Widersprüchliche Aussagen

Das aber würde der Aussage Kutters widersprechen, wonach die Initiative von der Bundesanstalt ausging. Stadtsprecher Oliver Böer konnte das Ganze aufklären. Am 12. Oktober sei eine erste Mail der Bima bei der Stadt eingegangen, wonach die Wohnungen an der Lerschstraße nicht mehr zur Verfügung stünden. Wörtlich hieß es da: „Eine gemeinsame Wohnraumoffensive von Bund, Ländern und Kommunen u.a. sieht vor, dass die Bima insbesondere aufgrund des hohen Bedarfs an bezahlbaren Wohnungen für Bundesbedienstete zusätzlichen Wohnraum schaffen soll. Mit Blick auf diese veränderte politische Ausrichtung bietet es sich an, die hier in Rede stehenden Häuser zur Deckung des Wohnungsfürsorgebedarfs des Bundes zu nutzen.
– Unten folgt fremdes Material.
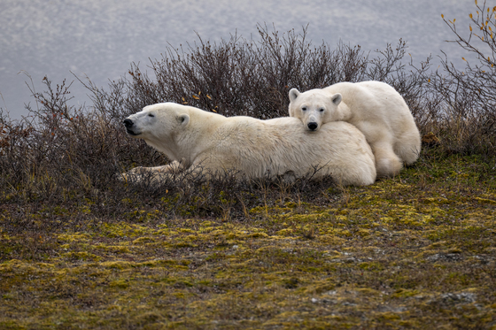 I love watching older polar bear cubs navigate around with their mother. In this series of shots, a 22 month old cub is stuck to its mothers hip as they explore an outcrop of pre-cambrian shield. Nearly the size of its mom, it has a lot of confidence, and still lots of curiosity.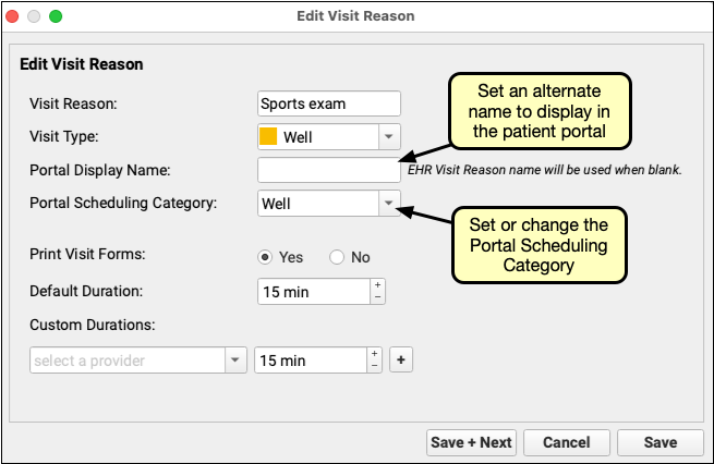 The Portal Scheduling Category for the selected visit reason can be set or edited You can set an alternative Portal Display Name to appear in the patient portal instead of the Visit Reason name.

Vor diesem Hintergrund muss ich Ihnen leider mitteilen, dass die Ihnen benannten Häuser in der Lerschstr. nicht mehr für die Unterbringung von Asylbegehrenden und Flüchtlingen zur Verfügung stehen.“

Eine fast wortgleiche Mail mit Bezug zu den Bima-Wohnungen an der Straße Am Südfriedhof erreichte die Verwaltung am 26. Oktober, also tatsächlich kurz vor der Ratssitzung.

Das weitere Prozedere

Die Wohnungen im Unnaer Süden sollen, so die Bima-Pressestelle, nun nach notwendigen Renovierungen zunächst Bundesbediensteten angeboten werden. Sollte dort kein Bedarf bestehen, sollen sie dem allgemeinen Wohnungsmarkt zugeführt werden.

Auch Massen keine Option

Im Bereich der ehemaligen Landesstelle besitzt die Bima weitere Wohnungen. Auch die stehen für die Unterbringung von Flüchtlingen aber nicht zur Verfügung - auch aus planungsrechtliche Gründen, wie Böer erklärt. Zudem soll der Hochschule die Option für eine Erweiterung offengehalten werden.

Damit hat sich offenbar endgültig zerschlagen, was die FDP nach ihrer Haushaltsklausur angeregt hatte: Flüchtlinge in den Bima-Wohnungen unterzubringen und auf den bereits beschlossenen Neubau der städtischen Unterkunft an der Kamener Straße zu verzichten.